Depending on the makeup of a healthcare organization, providers could be using a diversity of health IT systems to generate and manage patient data technology and coordinate care with providers in other departments using different systems. What's more, providers participating in population health management or value-based care could be partnering with members of the care team who are not clinicians.

In a patient-centered world, the term EHR appears most capable of grasping the comprehensive nature of the patient experience across the care continuum. All providers are liable for their contributions to the complete picture of a patient's health, indicating a need for EHR technology to properly track the provenance of medical data and decision-making.

"An EHR achieves a rare trifecta: It's a win for three parties. It's a win for the clinic because it saves time over the old method (attaining charts from other health care organizations, taking down verbal information from patients, and so on). Less time lost will translate into more time with patients," Dignity Health's Rami Hashish, PhD, DPT, wrote in 2015.

While the term EHR gets the nod from most of the healthcare industry, perhaps another phrase is more fitting. EHR adoption has risen significantly since the start of the EHR Incentive Programs only a handful of years ago. There are now patients whose entire medical history is digital and record will grow as they develop and mature.

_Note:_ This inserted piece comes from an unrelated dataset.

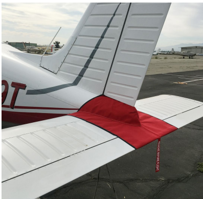
Piper PA-28-140 Tailcone Cover

WINTER USE MATERIAL - Made with Solution-Dyed Polyester fabric, this option is intended for seasonal use to aid in deicing, rain mitigation, or for occasional travel. The material is lighter and more compact, but more susceptible to UV damage and may have a shorter useful life if used continuously outside than the all-year use material.

Providers want a comprehensive view of a patient's health is a provider. And new sources of health data are emerging -- genomics, wearables, and patient-generated data. With healthcare moving into more settings beyond traditional brick-and-mortar settings, the industry is better suited to thinking in terms of a longitudinal health record combining the EHRs a patient is likely to contribute to the generation of over his lifetime.

For now, it appears EHR will have to suffice.